On 7/27/25 9:09 AM, Greg Wooledge wrote:
On Sun, Jul 27, 2025 at 07:33:36 -0500, Richard Owlett wrote:
Now I have to relearn how to extract specific content from spreadsheets.
Something I haven't done in close to two decades.
What I usually ended up doing was opening the spreadsheet in Libre Office,
then saving it as a "CSV" (comma-separated values) file. I'm not aware
of any way to do that purely from the command line.
I was thinking along that line.
My first sub-task will be to delete 29 of 37 columns as irrelevant ;}
I've just noticed that LibreOfficeCalc has option to save as a dBase
file - should solve a number of potential problems.
Once you have a CSV file, there are a plethora of tools you can use
to extract pieces of it. CSV is a set of plain text formats with some
punctuation characters serving as field and record delimiters.

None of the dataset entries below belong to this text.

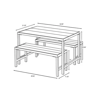 - Includes 2 benches and 1 table for a complete look
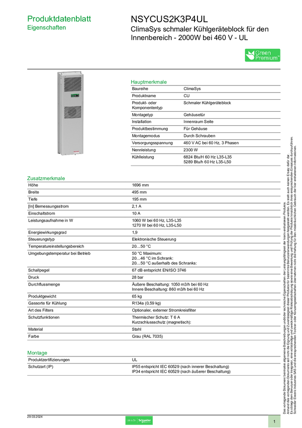 NSYCUS2K3P4UL Blok jednostki chłodzącej Schneider Electric NSYCUS2K3P4UL
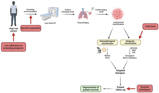 Ideally, the journey of a lung cancer patient should follow all the previously recommended steps for early diagnosis and a personalized treatment, improving survival. Additionally, although there is no consensus on how long the assessment of a patient with suspected lung cancer should take, this should be as quick as possible. Guidelines from the College of American Pathologists, the International Association for the Study of Lung Cancer, and the Association for Molecular Pathology suggest that the turnaround time between the biopsy and the reporting of results should be about 10 days [84]. In agreement with this, the ASCO guidelines recommend a response time of less than 14 days [85].
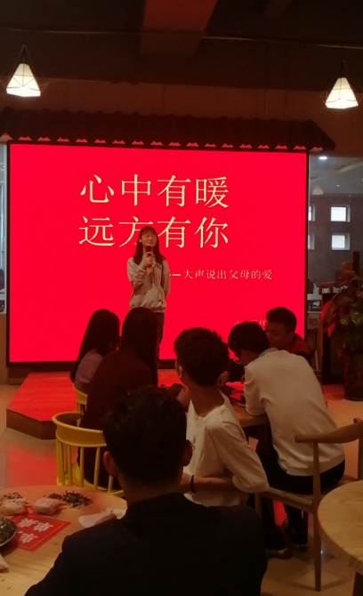 现场气氛热烈,同学们讲述者自己的大学规划和对远方家人的思念。“尽管心里想念,但是还要坚持自己的选择。露从今夜白,月是故乡明。我在异地思念家人,千里之外的他们也在挂念着我,我不是一个善于表达的人,但是还是想跟远方的爸爸妈妈说,爸妈,中秋快乐,我很想你们。”不管家在一小时车程的身边还是千里之外的地方,都是我们向往的地方。
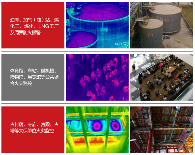 可在熱圖像上設置測溫點或測溫區域,檢測和顯示溫度:點測溫、區域測溫、全屏測溫 |
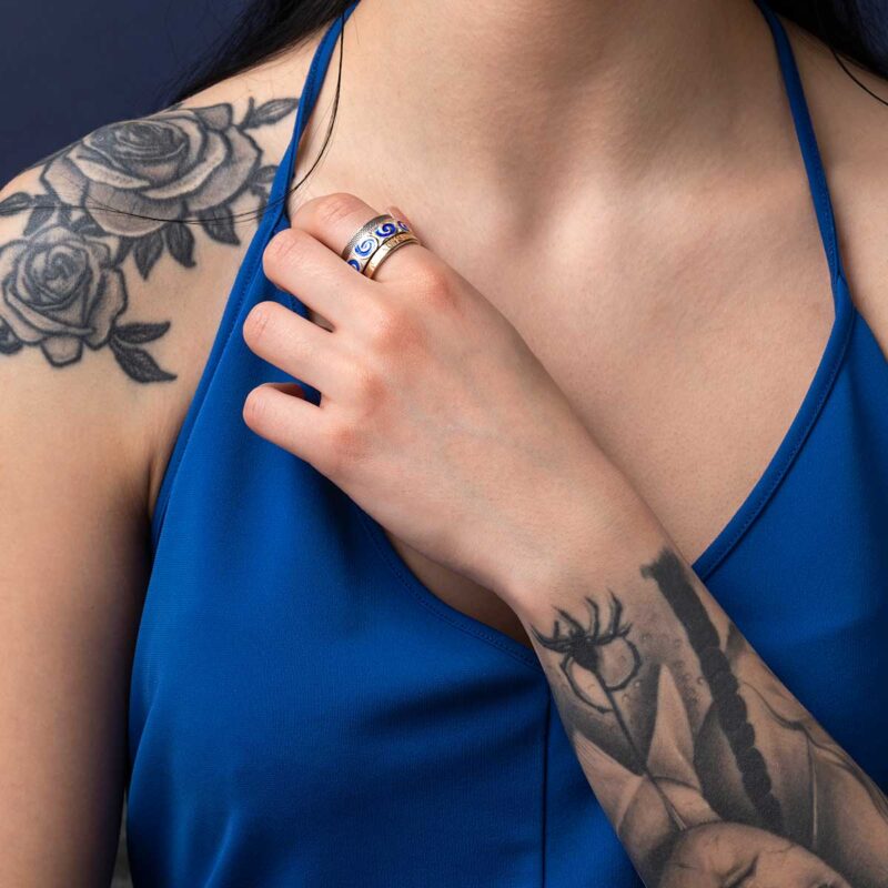Δαχτυλίδι Spinner με Μπλε Σπείρες – Χρυσό 14Κ και Ασήμι 925

The
exact punctuation characters in use will vary, so you will need to
examine the file manually at first, to see what you're dealing with.
There are also settings you can use within Libre Office, or whatever
program you used to produce the CSV file, to select your preferred
delimiters.
If you give us the URL of a spreadsheet (or a CSV file) and tell us
precisely what parts of it you want to extract, I'm certain someone
here will be able to cobble together a program to do it, in some
programming language, possibly even one you've already got installed.
A CSV version of the 8 column version of the spreadsheet could likely be
pretty-printed by a half-dozen BASIC DO loops.
All of this will be *significantly* easier than unspecified PDF file
manipulations.